Solar tracking, without overkill

We saw this pretty smooth solar tracker run by an Arduino. There aren’t many details, but we can see that it works well, and is in fact, run by an Arduino. We knew if we posted this that people would be commenting that the Arduino is overkill. We agree.  So this post is to ask, how would you do it? Give us links to the more efficient designs you have come up with. It doesn’t have to be a fully documented project, a schematic will do. We would probably go with something like a phototropic suspended bicore for simplicity and low power consumption.

[via littlebirceo]

Comments

  1. jeff-o says:

    Two parallel light sensors each mounted at the end of a tube. An analog comparator driving a motor. The voltage on each sensor is compared and the motor turns in one direction or the other until the voltage from each sensor is the same.

  2. Marcus says:

    BEAM robotics provide some very simple analog versions of so called HEADS (see http://www.beam-wiki.org/wiki/Head ).

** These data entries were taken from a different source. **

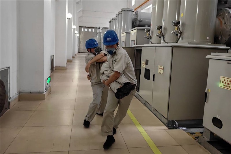 为有效提高人员应急处置能力,筑牢安全生产屏障,9月18日,田湾河公司在大发电站GIS室组织开展了SF6气体泄漏现场应急处置方案的实战演练。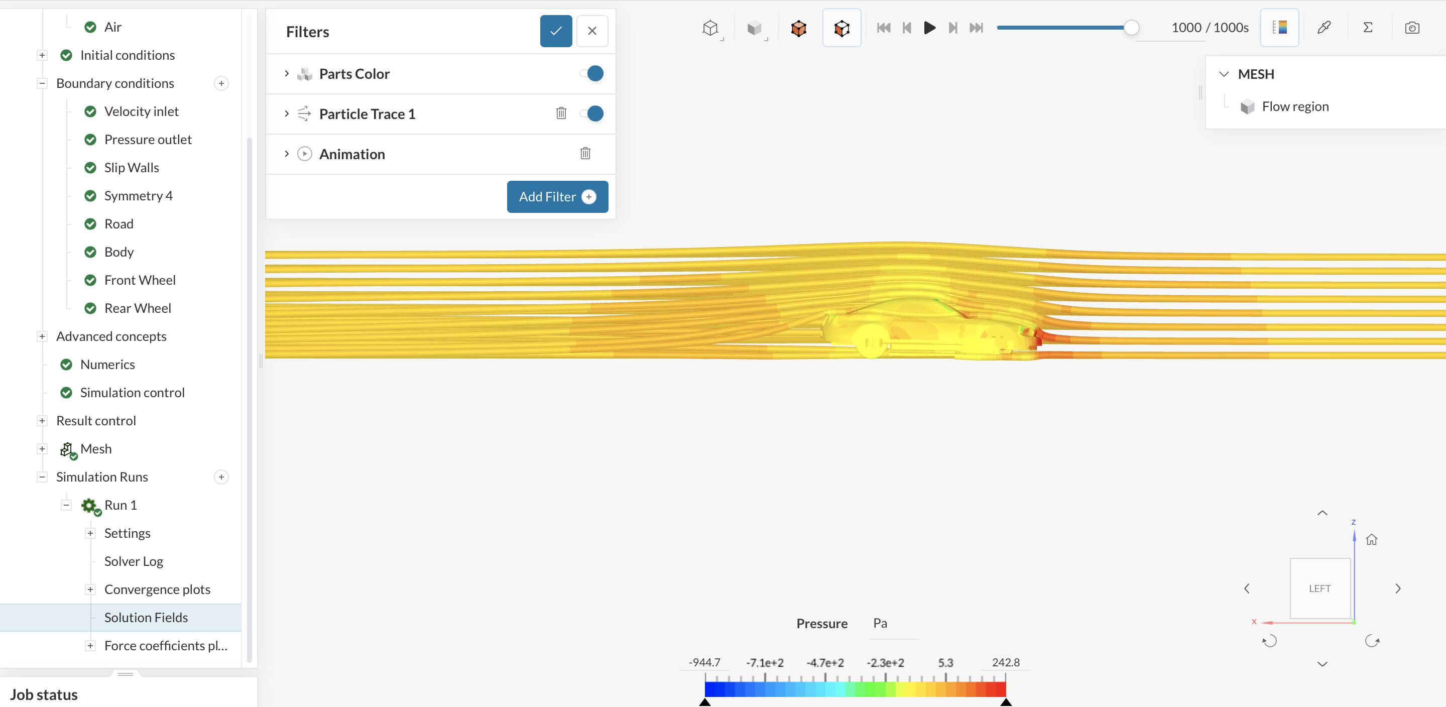 The issue is that there are some cells in the mesh that have really low pressure values, so if you check the latest timestep (520 sec), everything turns to red, as all of the cells have high values apart from these few problematic elements.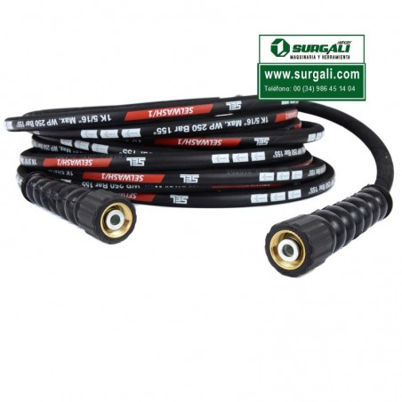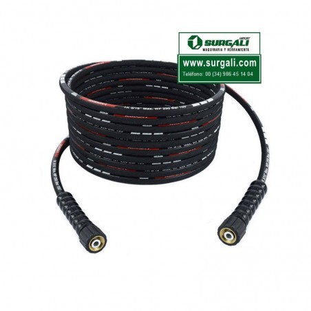 Manguera de alta presión con malla de acero. Adecuada para hidrolavadoras, hidrolimpiadoras y para la mayoría de las lavadoras a presión del mercado.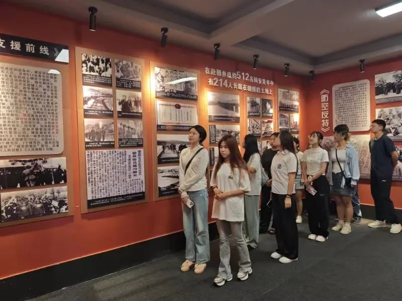 实践团来到集安市抗美援朝首渡村,参观了抗美援朝微展馆,感受历史的厚重和战争的硝烟。馆内通过大量的历史照片、文物、文献资料以及多媒体展示,生动再现了抗美援朝战争的全过程。实践团成员参观后对抗美援朝战争的历史有了更深入的了解和认识,对那段烽火连天的岁月充满了敬意和感慨。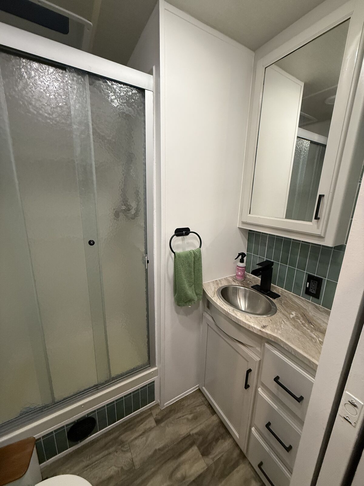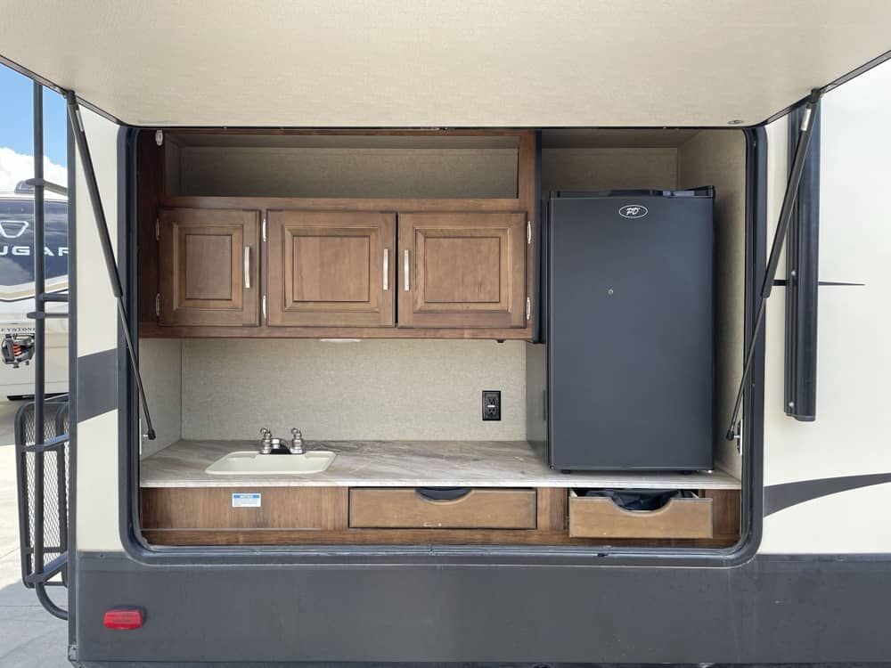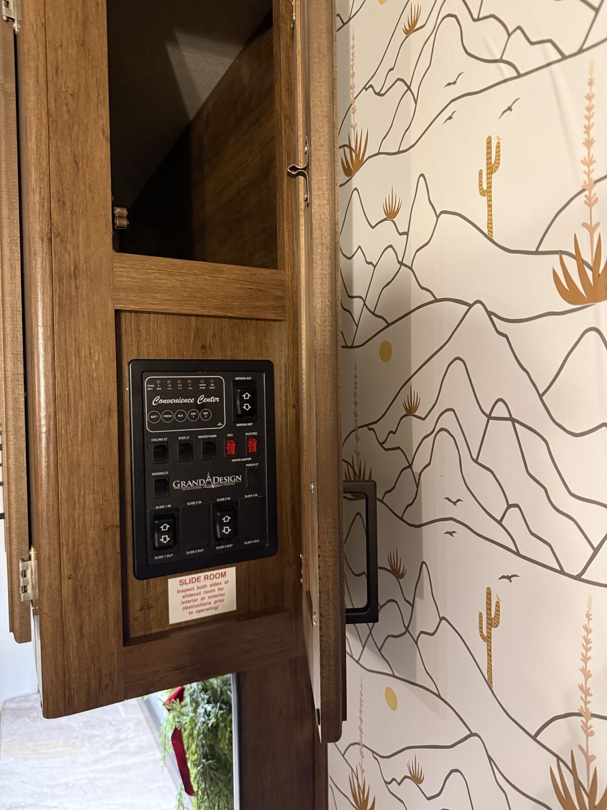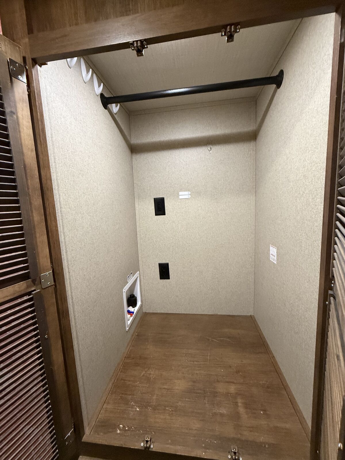 Washer/dryer hookups. Electric stabilizers. Outside kitchen. 1 year old tires that have only been to Kanab and back. Single, easy sewer dump. Nautilus enclosed water system. Enclosed underbelly. Heated tanks. 2 ACs.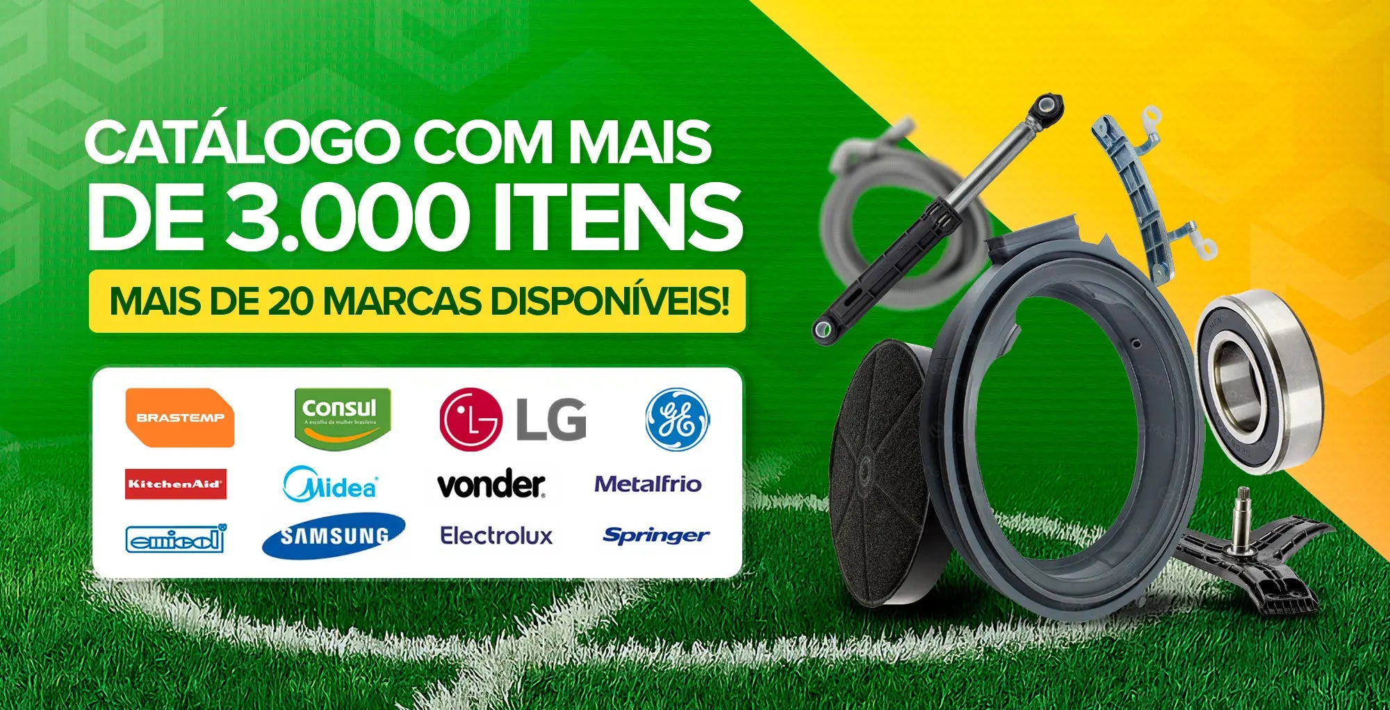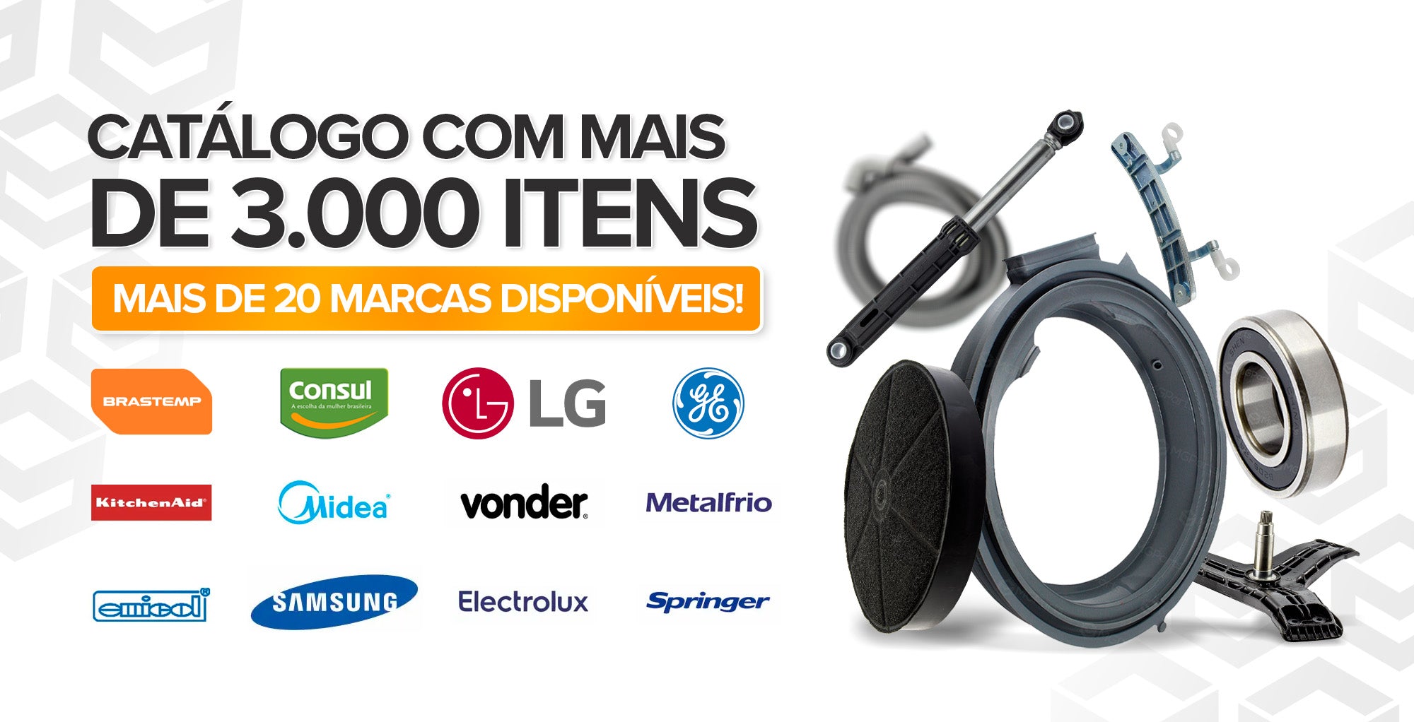 Somos uma loja de peças de eletrodomésticos especializada no ramo e trabalhamos com as melhores peças e acessórios genuínos, para várias marcas, como: Bosch, Brastemp, Consul, Continental, Electrolux, GE, Gelopar, Samsung, Kitchenaid, LG, Metalfrio, Midea, Springer e Whirlpool. Conte com quem entende de peças para eletrodomésticos!

They are very simple and include only a few parts.
    Heads compare the output of two light sensitive resistors or diodes and adjust their orientation with an motor.
    I think especially the Power Smart Head (see http://www.beam-wiki.org/wiki/Power_Smart_Heads ) is a good candidate.
    They operate only on one axis. But it is very easy to combine two heads to use two axis.
    Perhaps it is possible to design them even more power saving.
    But they make the Arduino look like overkill ;)

  3. kburn says:

    looks really cool, wanna make it one by my onw… :)
    it’d b fun for prototyping

  4. jarrod says:

    not the greatest choice for larger projects as it uses a hobby servo. would be far more useful if it used only a gear motor.
    projects for this already exist though.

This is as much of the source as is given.